● **What is required**
Your copy of the data should match it exactly, leaving out only the pictures.

● **Information shown**
_ _ _
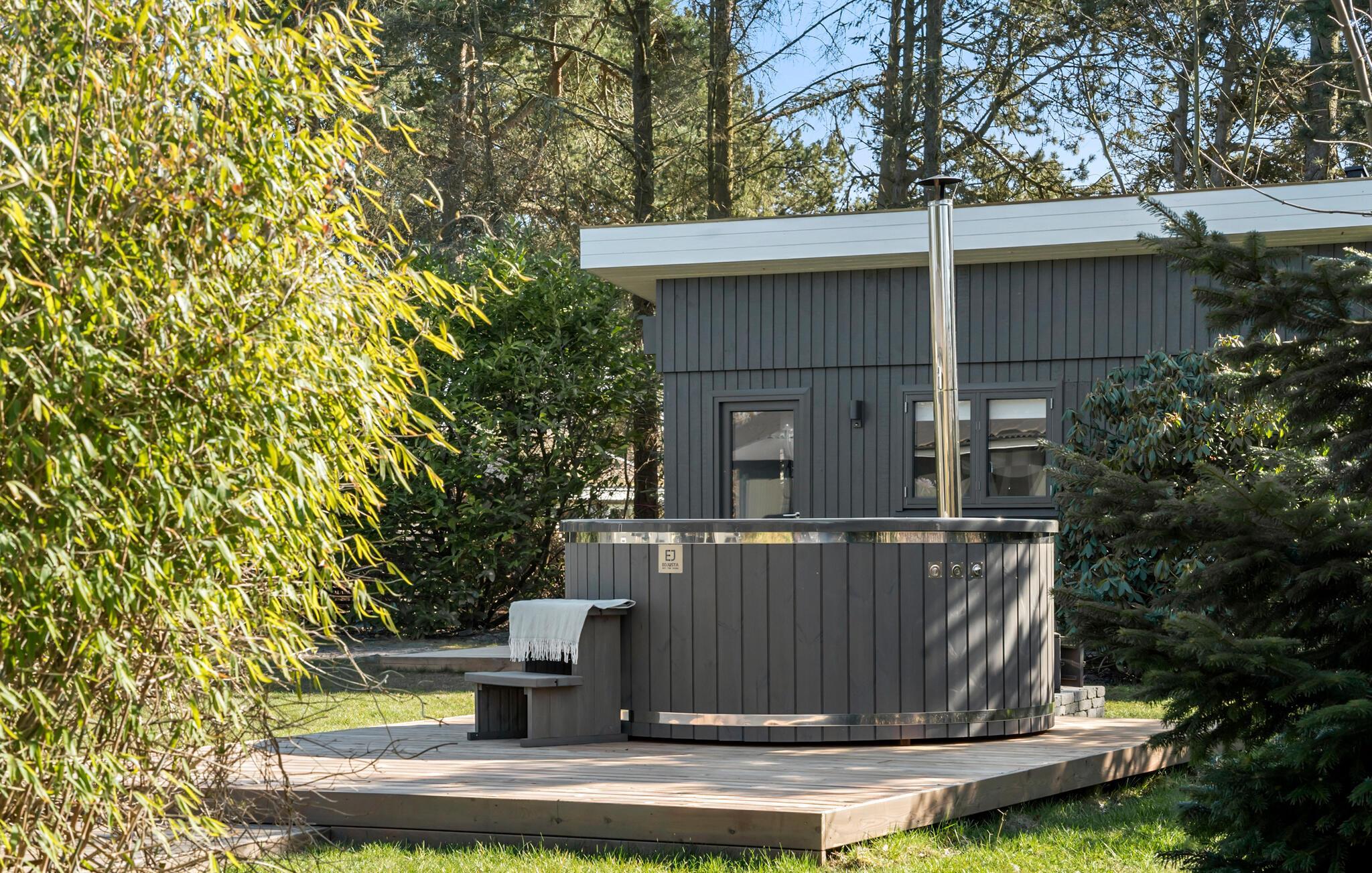 Auch für Entspannung ist gesorgt. Tauchen Sie ein in die wohltuende Wärme des Finnischen Holzbades auf der Terrasse. Ihre Kinder können sich währenddessen auf dem Trampolin austoben oder auf der Rutsche und der Schaukel spielen. Lassen Sie den Tag beim Grillen oder bei geselligem Beisammensein an der Feuerstelle unter freiem Himmel ausklingen.
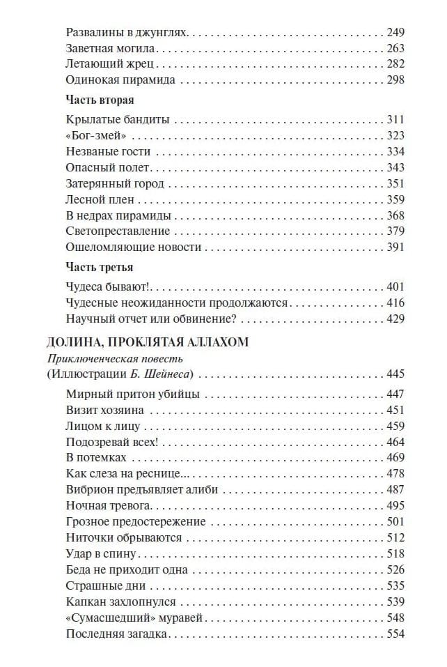 If in the novels published in previous volumes of the Collected Works of the writer, the reader followed the vicissitudes of the excavation of Scythian mounds, the study of our past and the life of the mysterious inhabitants of the sea depths, the dangers awaiting on this path of archaeologists; for attempts to unravel the fate of the mysterious Atlantis, now the reader's attention is focused on archaeologists-Egyptologists engaged in the study of the past of this country ("The Mystery of the Pyramid of Hiren"); and scientists devoted to the study of the mysterious Maya people, joined by a Soviet scientist-epidemiologist, trying to prove his theory of the disappearance of the ancient people as a result of a dangerous and deadly disease ("Investigation Through the Ages"). Epidemiologists are also the heroes of the story "The Valley Cursed by Allah" - they are trying to establish the causative agent of a deadly disease. In all the novels of this volume, scientists are on their way not at all conventional dangers: they have to face not only with death-bearing microbes, but also with unscrupulous businessmen from science, and simply with bandits.
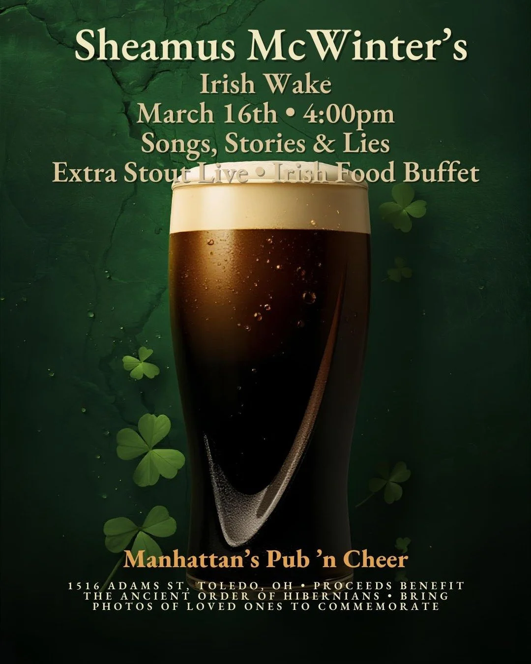 Uptown DistrictCelebrating the the life (and timely death) of Sheamus McWinter. Join us at Manhattan’s Pub ‘n Cheer for a traditional Irish Wake, songs, stories and lies. Enjoy music from Extra Stout and a full Irish food buffet!
_ _ _
● **Answer section**
 Auch für Entspannung ist gesorgt. Tauchen Sie ein in die wohltuende Wärme des Finnischen Holzbades auf der Terrasse. Ihre Kinder können sich währenddessen auf dem Trampolin austoben oder auf der Rutsche und der Schaukel spielen. Lassen Sie den Tag beim Grillen oder bei geselligem Beisammensein an der Feuerstelle unter freiem Himmel ausklingen.
 If in the novels published in previous volumes of the Collected Works of the writer, the reader followed the vicissitudes of the excavation of Scythian mounds, the study of our past and the life of the mysterious inhabitants of the sea depths, the dangers awaiting on this path of archaeologists; for attempts to unravel the fate of the mysterious Atlantis, now the reader's attention is focused on archaeologists-Egyptologists engaged in the study of the past of this country ("The Mystery of the Pyramid of Hiren"); and scientists devoted to the study of the mysterious Maya people, joined by a Soviet scientist-epidemiologist, trying to prove his theory of the disappearance of the ancient people as a result of a dangerous and deadly disease ("Investigation Through the Ages"). Epidemiologists are also the heroes of the story "The Valley Cursed by Allah" - they are trying to establish the causative agent of a deadly disease. In all the novels of this volume, scientists are on their way not at all conventional dangers: they have to face not only with death-bearing microbes, but also with unscrupulous businessmen from science, and simply with bandits.
 Uptown DistrictCelebrating the the life (and timely death) of Sheamus McWinter. Join us at Manhattan’s Pub ‘n Cheer for a traditional Irish Wake, songs, stories and lies. Enjoy music from Extra Stout and a full Irish food buffet!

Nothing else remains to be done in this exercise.